The records:
# # # # # # #

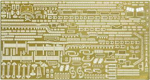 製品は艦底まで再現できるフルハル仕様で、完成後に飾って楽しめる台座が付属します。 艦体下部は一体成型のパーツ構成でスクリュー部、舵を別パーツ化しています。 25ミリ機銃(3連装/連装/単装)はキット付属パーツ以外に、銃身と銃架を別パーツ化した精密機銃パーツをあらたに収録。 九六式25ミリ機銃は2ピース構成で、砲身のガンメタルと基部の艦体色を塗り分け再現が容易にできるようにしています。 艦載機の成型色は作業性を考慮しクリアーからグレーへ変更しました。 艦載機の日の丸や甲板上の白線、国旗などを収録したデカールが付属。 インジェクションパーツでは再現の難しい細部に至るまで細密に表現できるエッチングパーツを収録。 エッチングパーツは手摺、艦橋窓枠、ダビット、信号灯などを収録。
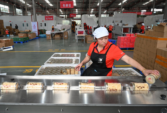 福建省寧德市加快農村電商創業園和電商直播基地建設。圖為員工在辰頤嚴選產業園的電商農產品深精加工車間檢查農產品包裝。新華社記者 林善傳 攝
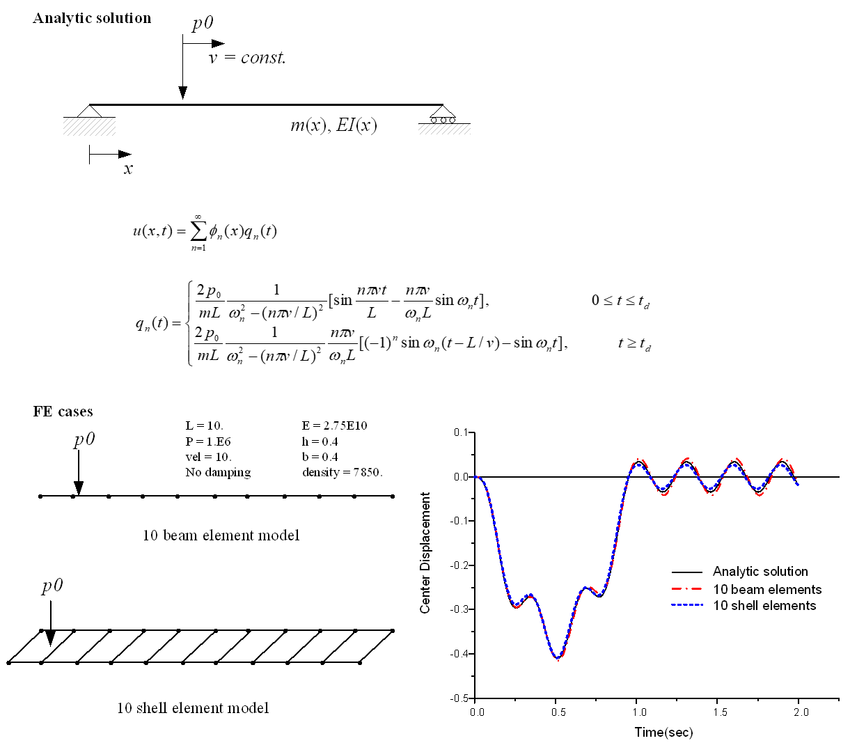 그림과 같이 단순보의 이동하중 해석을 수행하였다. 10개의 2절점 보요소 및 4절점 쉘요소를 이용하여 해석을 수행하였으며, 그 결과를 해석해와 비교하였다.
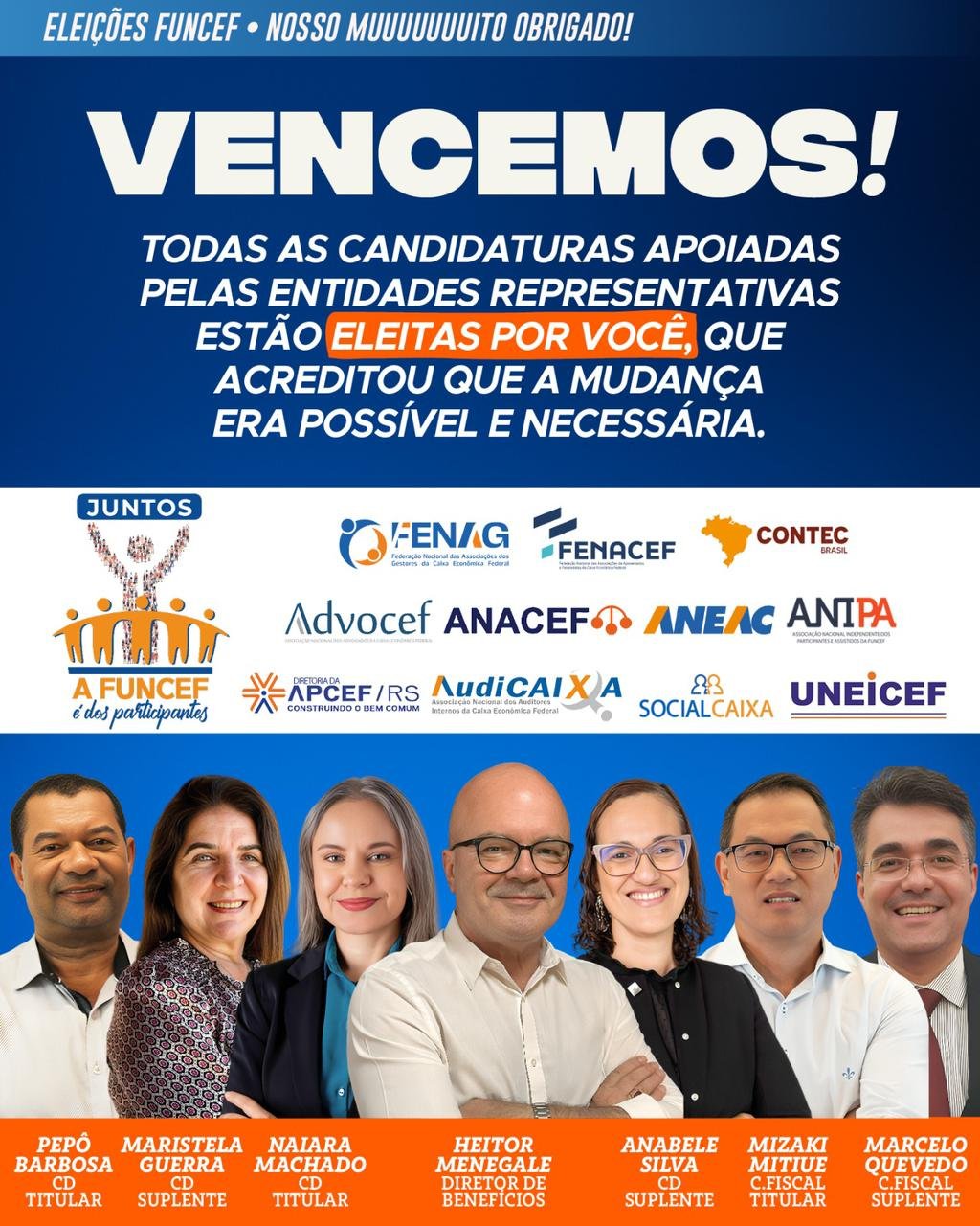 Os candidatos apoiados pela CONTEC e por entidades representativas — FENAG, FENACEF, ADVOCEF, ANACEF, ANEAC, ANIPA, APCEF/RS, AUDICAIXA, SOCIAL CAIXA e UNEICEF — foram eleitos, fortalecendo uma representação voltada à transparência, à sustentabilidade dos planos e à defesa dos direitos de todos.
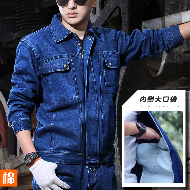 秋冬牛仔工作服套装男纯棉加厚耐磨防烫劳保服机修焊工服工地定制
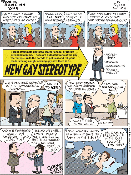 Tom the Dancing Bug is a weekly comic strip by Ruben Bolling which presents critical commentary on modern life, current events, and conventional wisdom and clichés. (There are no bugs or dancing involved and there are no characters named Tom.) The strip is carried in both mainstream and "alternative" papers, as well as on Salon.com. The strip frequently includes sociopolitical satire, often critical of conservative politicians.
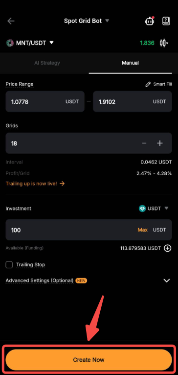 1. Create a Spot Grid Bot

# # # # # # #

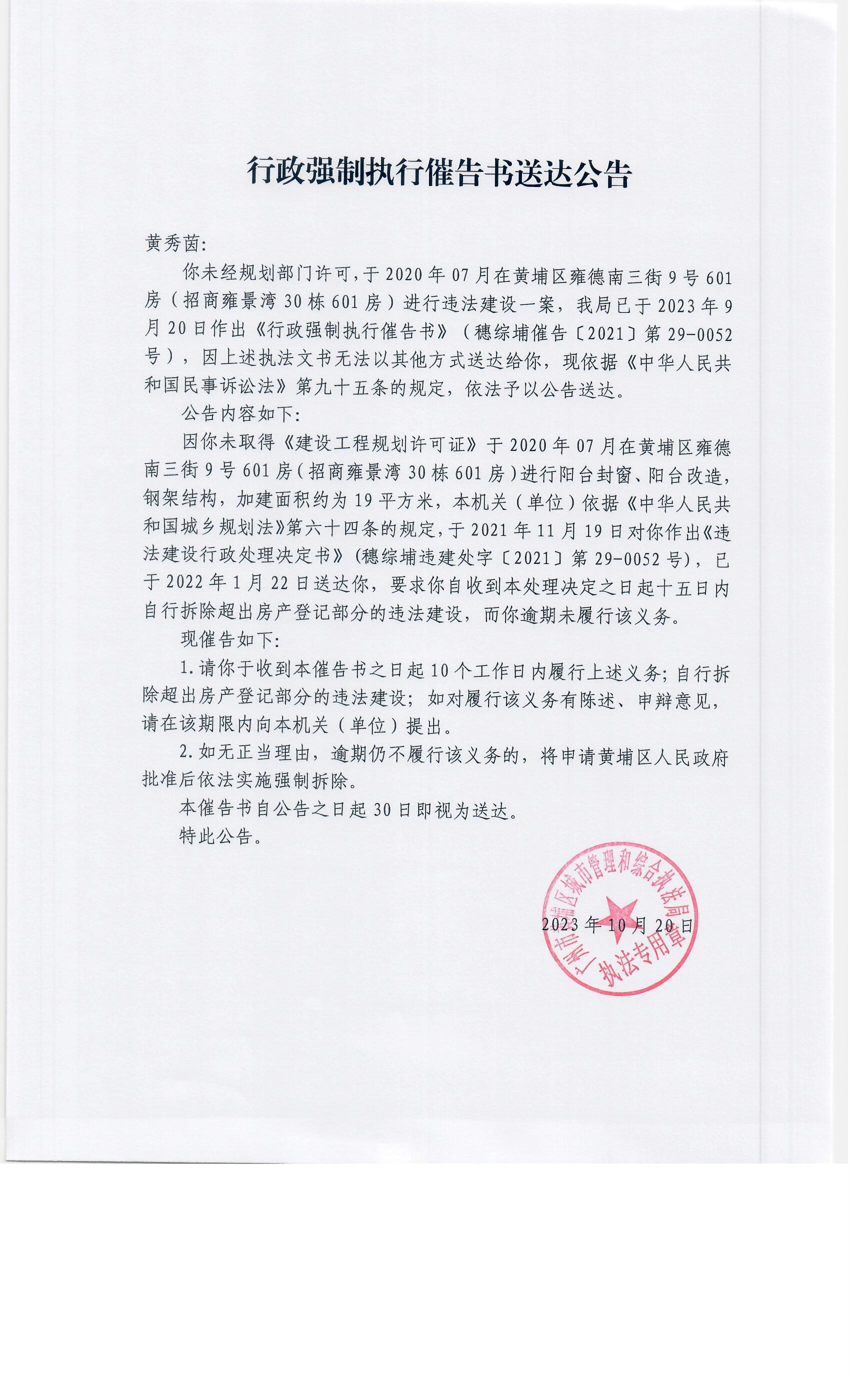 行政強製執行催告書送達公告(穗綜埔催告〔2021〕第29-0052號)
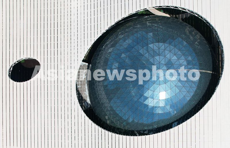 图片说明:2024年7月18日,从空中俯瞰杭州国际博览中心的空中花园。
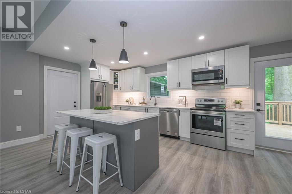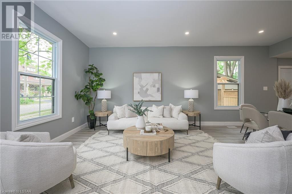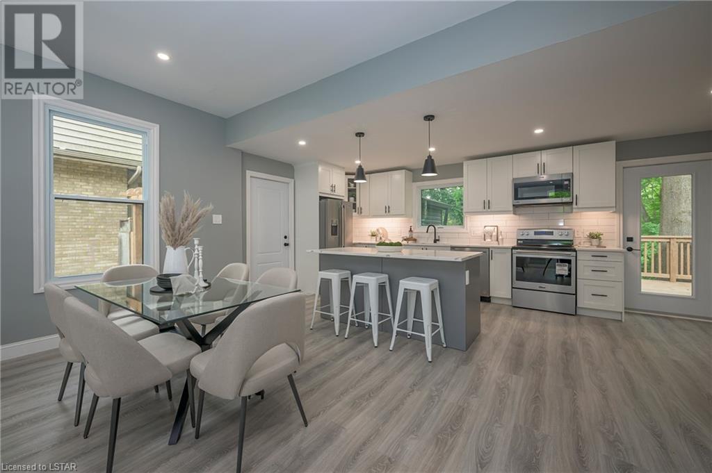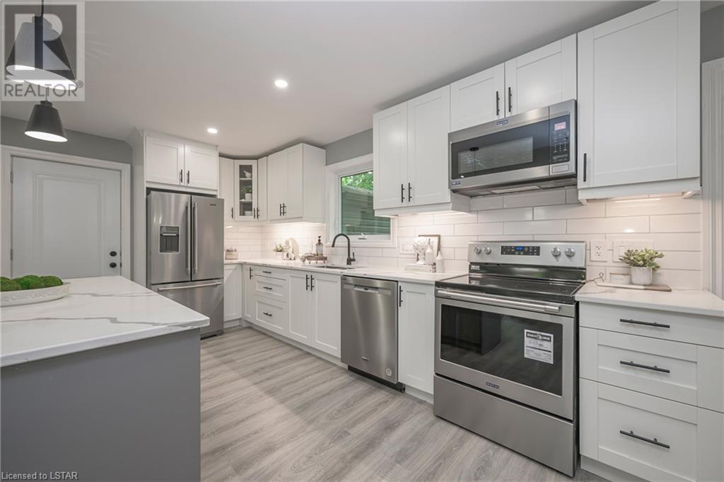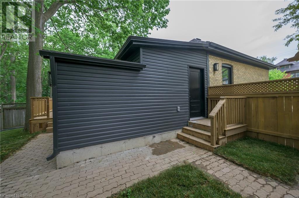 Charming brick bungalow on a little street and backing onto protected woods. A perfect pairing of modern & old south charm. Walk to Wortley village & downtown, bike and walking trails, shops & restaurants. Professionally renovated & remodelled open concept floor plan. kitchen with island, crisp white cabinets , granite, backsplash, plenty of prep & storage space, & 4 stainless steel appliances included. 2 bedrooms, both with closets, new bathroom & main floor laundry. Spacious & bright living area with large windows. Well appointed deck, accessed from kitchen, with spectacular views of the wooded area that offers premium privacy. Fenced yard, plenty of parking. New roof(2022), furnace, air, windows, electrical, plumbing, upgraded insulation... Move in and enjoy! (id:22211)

# # # # # # #

What to produce:
Output exactly the lines of the listing above that start with the one holding "그림과 같이 단순보의" and go on through the one holding "1. Create a Spot Grid Bot"; leave the pictures out.

Your solution:
 그림과 같이 단순보의 이동하중 해석을 수행하였다. 10개의 2절점 보요소 및 4절점 쉘요소를 이용하여 해석을 수행하였으며, 그 결과를 해석해와 비교하였다.
 Os candidatos apoiados pela CONTEC e por entidades representativas — FENAG, FENACEF, ADVOCEF, ANACEF, ANEAC, ANIPA, APCEF/RS, AUDICAIXA, SOCIAL CAIXA e UNEICEF — foram eleitos, fortalecendo uma representação voltada à transparência, à sustentabilidade dos planos e à defesa dos direitos de todos.
 秋冬牛仔工作服套装男纯棉加厚耐磨防烫劳保服机修焊工服工地定制
 Tom the Dancing Bug is a weekly comic strip by Ruben Bolling which presents critical commentary on modern life, current events, and conventional wisdom and clichés. (There are no bugs or dancing involved and there are no characters named Tom.) The strip is carried in both mainstream and "alternative" papers, as well as on Salon.com. The strip frequently includes sociopolitical satire, often critical of conservative politicians.
 1. Create a Spot Grid Bot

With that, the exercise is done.